RECORD EXCERPTS Block Start

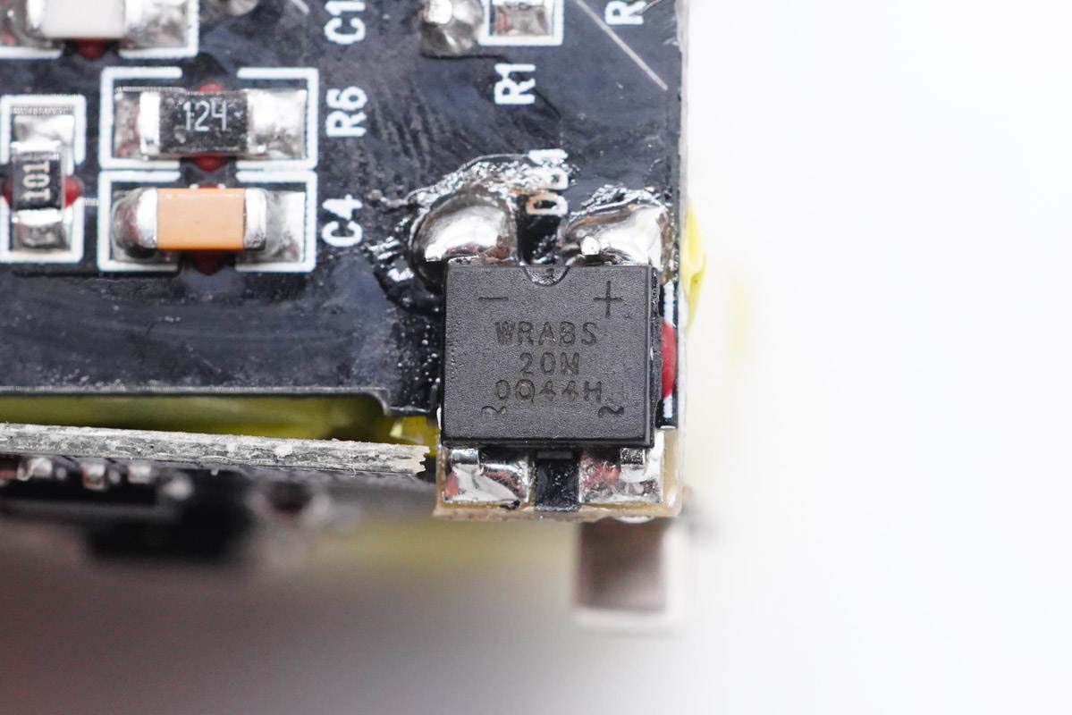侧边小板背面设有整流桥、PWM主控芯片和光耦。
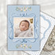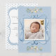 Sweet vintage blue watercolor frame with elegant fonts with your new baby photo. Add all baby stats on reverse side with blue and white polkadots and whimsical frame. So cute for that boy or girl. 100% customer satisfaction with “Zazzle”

RECORD EXCERPTS Block End
RECORD EXCERPTS Block Start

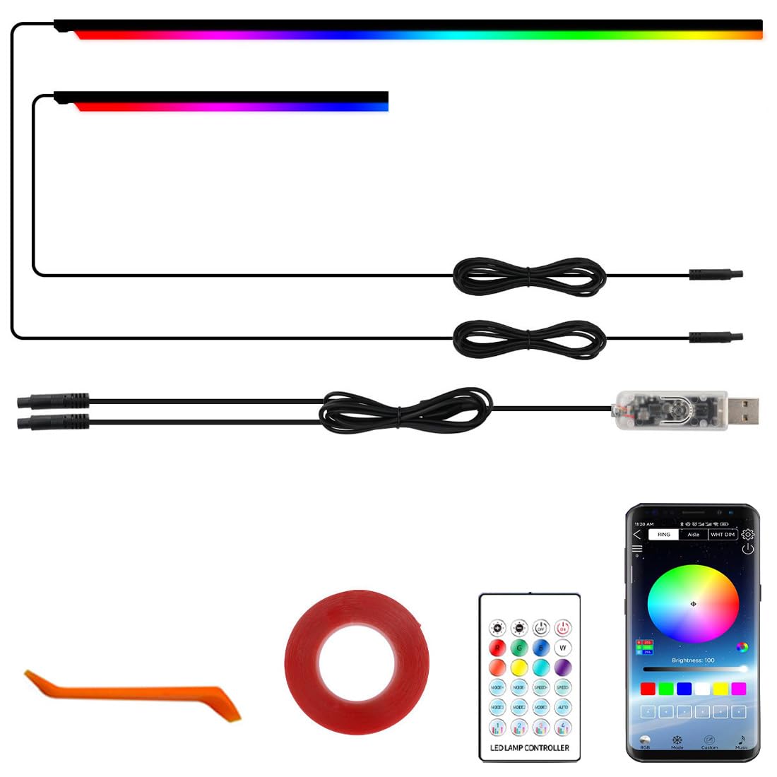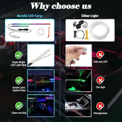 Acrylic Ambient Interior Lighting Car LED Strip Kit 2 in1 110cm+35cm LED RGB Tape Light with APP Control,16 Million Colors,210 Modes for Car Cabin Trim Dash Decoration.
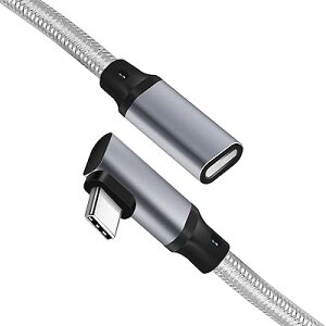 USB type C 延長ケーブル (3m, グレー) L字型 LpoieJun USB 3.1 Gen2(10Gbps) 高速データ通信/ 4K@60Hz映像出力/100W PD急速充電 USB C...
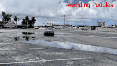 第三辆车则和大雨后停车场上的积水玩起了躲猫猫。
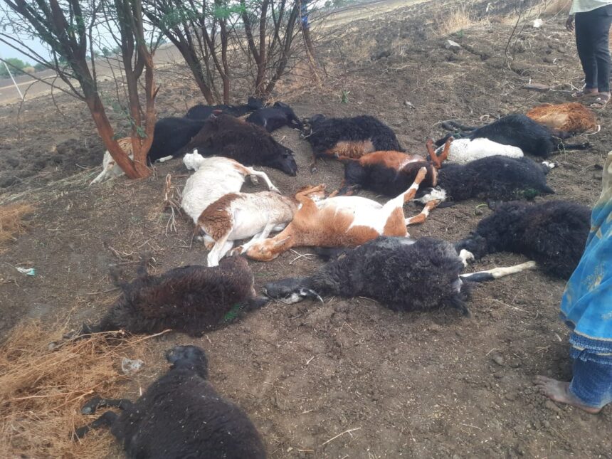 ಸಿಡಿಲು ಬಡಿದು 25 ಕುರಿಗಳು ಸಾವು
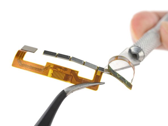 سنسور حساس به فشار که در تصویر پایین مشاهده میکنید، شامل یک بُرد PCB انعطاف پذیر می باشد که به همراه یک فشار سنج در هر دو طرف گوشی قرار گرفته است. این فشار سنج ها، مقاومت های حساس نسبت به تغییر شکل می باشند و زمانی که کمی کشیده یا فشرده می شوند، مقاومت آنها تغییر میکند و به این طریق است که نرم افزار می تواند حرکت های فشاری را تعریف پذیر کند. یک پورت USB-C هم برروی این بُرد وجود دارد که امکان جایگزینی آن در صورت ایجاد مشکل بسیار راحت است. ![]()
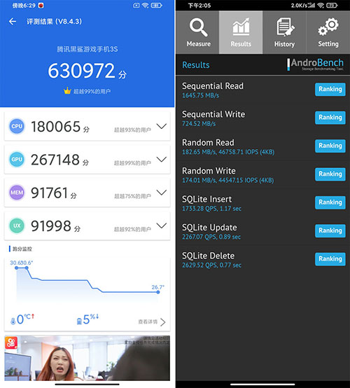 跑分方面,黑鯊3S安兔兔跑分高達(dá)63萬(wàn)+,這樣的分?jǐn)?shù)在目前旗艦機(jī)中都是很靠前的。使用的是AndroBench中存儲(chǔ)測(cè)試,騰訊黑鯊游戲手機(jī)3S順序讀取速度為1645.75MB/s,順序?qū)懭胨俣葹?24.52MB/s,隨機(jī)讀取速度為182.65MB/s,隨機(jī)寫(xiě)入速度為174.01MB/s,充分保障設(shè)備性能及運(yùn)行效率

RECORD EXCERPTS Block End
RECORD EXCERPTS Block Start

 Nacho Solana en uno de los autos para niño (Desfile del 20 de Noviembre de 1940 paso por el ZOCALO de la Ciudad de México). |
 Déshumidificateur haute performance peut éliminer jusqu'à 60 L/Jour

RECORD EXCERPTS Block End

● YOUR ASSIGNMENT: Give again the stretch of the entries above that begins at the line with "侧边小板背面设有整流桥、PWM主控芯片和光耦。" and ends at the line with "Sweet vintage blue", word for word, with no pictures.

● ANSWER BOX:
侧边小板背面设有整流桥、PWM主控芯片和光耦。
 Sweet vintage blue watercolor frame with elegant fonts with your new baby photo. Add all baby stats on reverse side with blue and white polkadots and whimsical frame. So cute for that boy or girl. 100% customer satisfaction with “Zazzle”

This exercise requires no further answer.